• [ABOUT THIS EXERCISE] Restate word for word the entries below, starting at the line with "Helen Moore Faux" and ending at the line with "Håndlavet scrunchie /". Keep both end lines and omit the pictures.

• [EXCERPTED DATA]
++++++
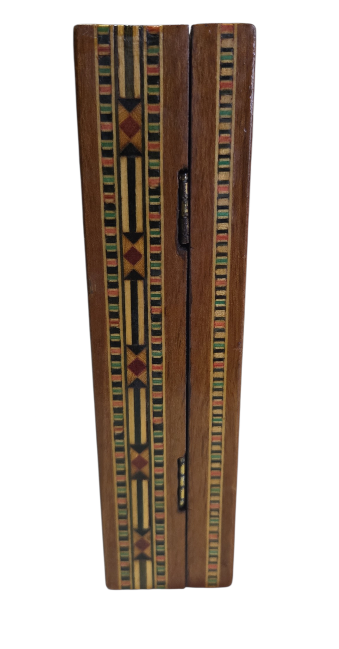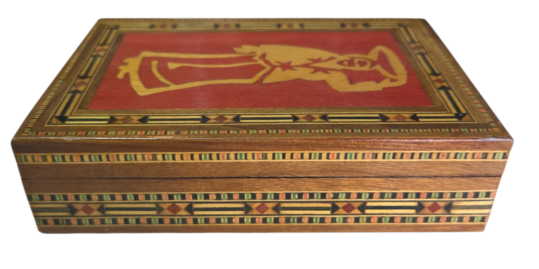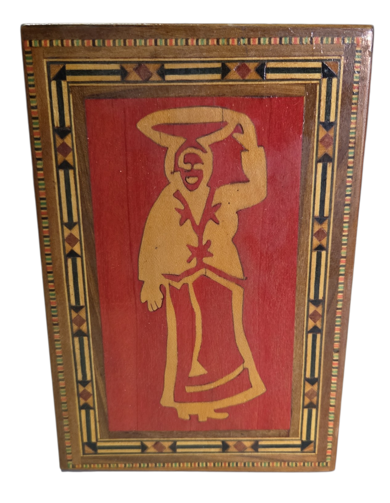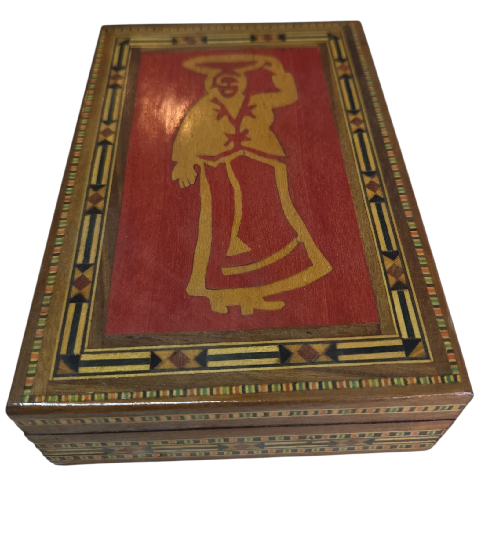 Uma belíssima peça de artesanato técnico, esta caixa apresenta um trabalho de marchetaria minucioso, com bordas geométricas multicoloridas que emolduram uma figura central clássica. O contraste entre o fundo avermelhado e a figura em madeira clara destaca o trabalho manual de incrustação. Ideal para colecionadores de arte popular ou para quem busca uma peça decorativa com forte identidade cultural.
++++++
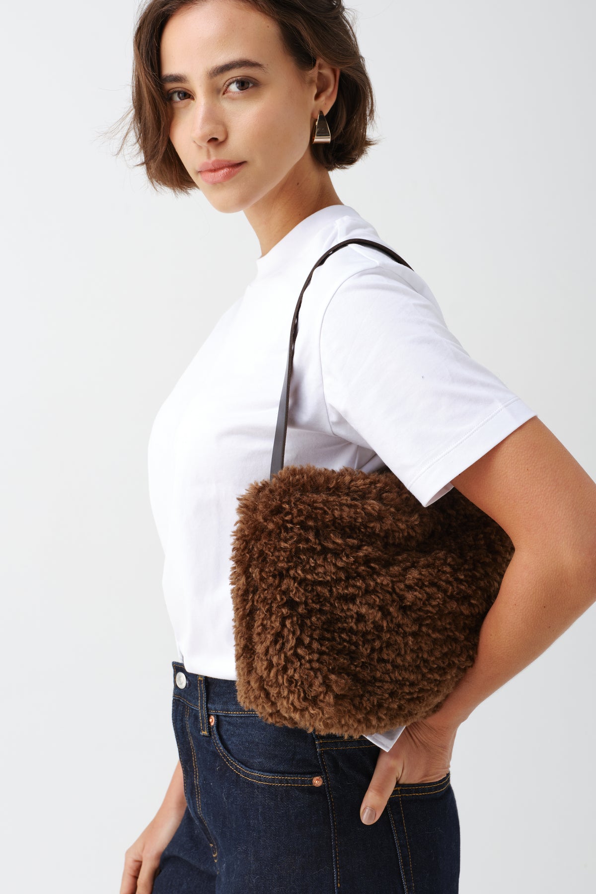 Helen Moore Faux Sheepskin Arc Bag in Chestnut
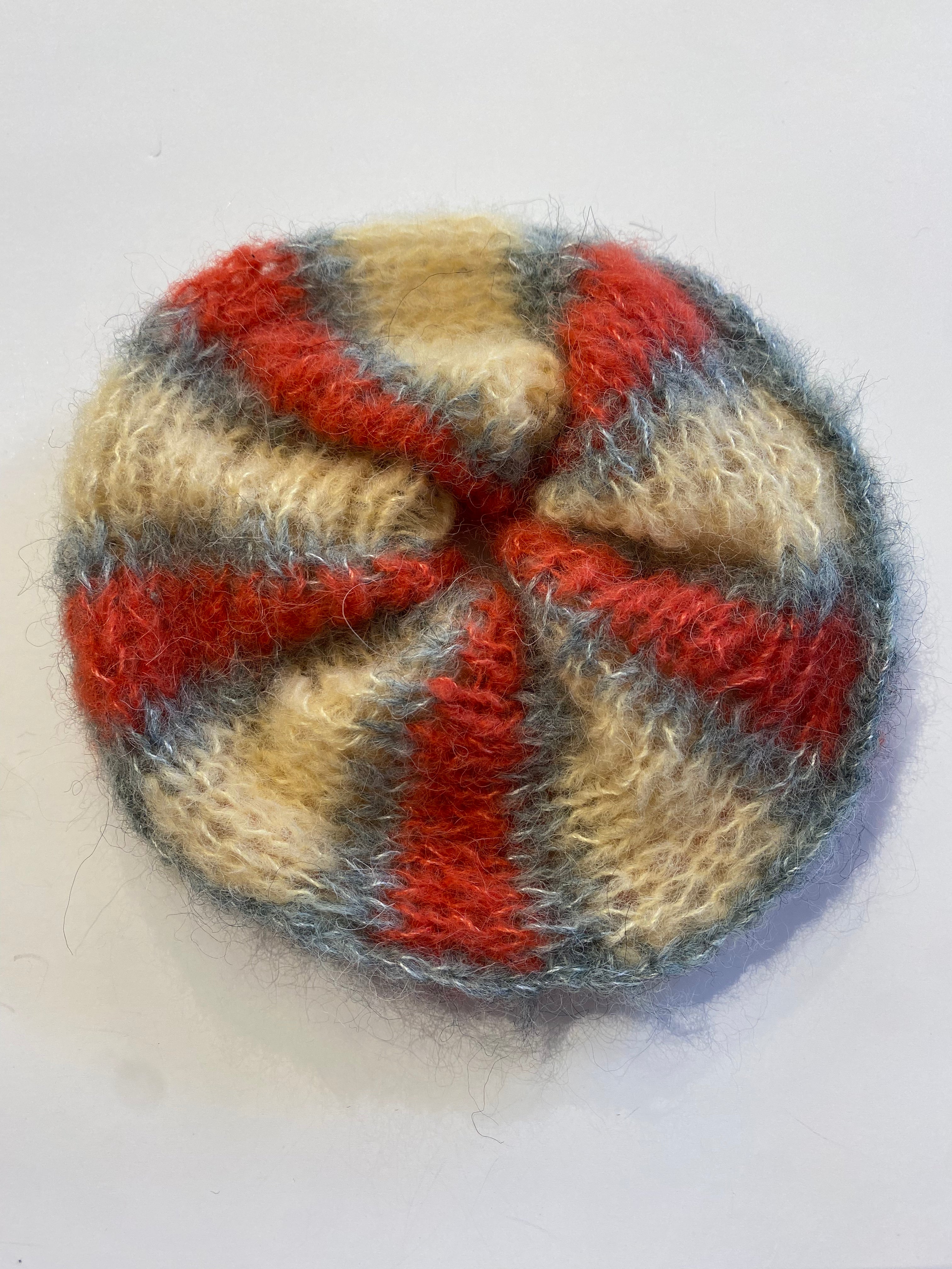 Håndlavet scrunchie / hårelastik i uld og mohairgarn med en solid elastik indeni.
++++++
• [ANSWER TO THIS EXERCISE]
 Helen Moore Faux Sheepskin Arc Bag in Chestnut
 Håndlavet scrunchie / hårelastik i uld og mohairgarn med en solid elastik indeni.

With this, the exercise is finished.